The device, lab developers asserted, could be a “super-secure” alternative to flawed tools that led to crippling data breaches. (Los Alamos went on to patent the “quantum random number generator” [QRNG] tool, now licensing it for manufacture and commercial sale.)
A senior lab scientist, Jane Nordholt acknowledged criticisms that despite photons’ appeal as an encryption modality, they typically weaken at distances over about 125 miles through fiber or air, requiring intermediate stations to “hopscotch” signals via repeater nodes.
“Sending a quantum key between Los Alamos and Washington, D.C., we'd need a lot [of relays],” she told this reporter. “And each photon in each relay is a vulnerability gateway; security would be very expensive and technically challenging.”
So, Nordholt and colleagues worked with future weapons agency DARPA on “long-haul” transmission over greater distances.
By 2015 the physicists’ strides were lengthening. Los Alamos bought D-Wave Systems Inc.’s brand-new 2X quantum research system -- the first to a U.S. national agency. The machine boasts a 2000-quantum bit (aka “qubit”) processing capacity, phenomenally more capable than the usual “bits” of classical, computational cryptography.
In July, 2017 Dr. Ray Newell explained, “The majority of our DOE-funded research since 2013 has focused on developing a system which will bring [additional] quantum-enabled security benefits to the national electric grid”-- notably its critical transmission and distribution system.
The task of cyber-safeguarding the gigantic, nation-spanning network with its countless interconnections, he told Defense Systems, is “difficult … but very important” – particularly now. The grid on which the American military and civil sectors are heavily reliant is dangerously vulnerable. The Defense Science Board has bluntly termed it “fragile.”
Prospects for cyber and even physical assaults on installations loom large. Worse, such attack vectors as electro-magnetic pulse (EMP) and particle- beam weapons now are part of cyber defenders’ portfolios.
DARPA, with historically close ties to the Los Alamos lab, in late August acknowledged the multiplying threat environments. It requested “revolutionary” proposals for early-warning solutions to “persistent cyber attack” and its effects. Some likely involve quantum technologies.
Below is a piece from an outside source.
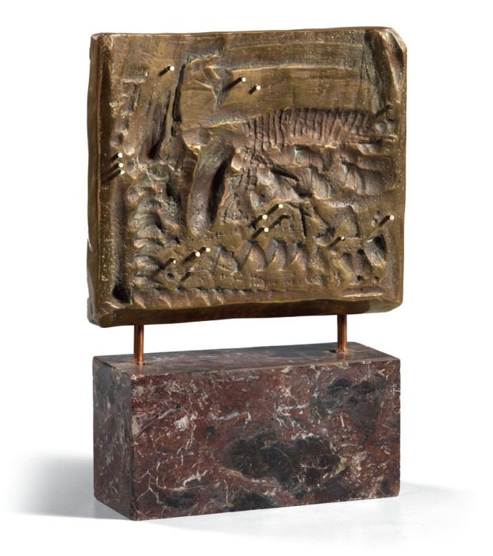 Piero Dorazio Roma 1927 - Todi (Pg) 2005 Double face, 1954 Scultura in bronzo su base in marmo, cm. 28 h. (con base) Foto autenticata dall'artista con timbro Studio Piero Dorazio.

Newell pointed out that the “very valuable” D-Wave apparatus enables the lab’s quantum security efforts, and has aided stakeholders in related quantum science fields of communications, computing and information processing.
Multiple lessons are being learned, and some important ones shared with DOD. “We ... certainly have many [Pentagon] colleagues and interests in common,” said Newell. As well, LANL works to educate potential DOD customers “about what this work is and its [possible relevance] to their needs.”
Of China’s leap-ahead in July, Newell remarked that while the United States has held the global academic research leadership role in photon-teleportation, the Chinese government is “the first … to fund the construction of a [quantum] satellite and a national infrastructure that employs that work [as such.]”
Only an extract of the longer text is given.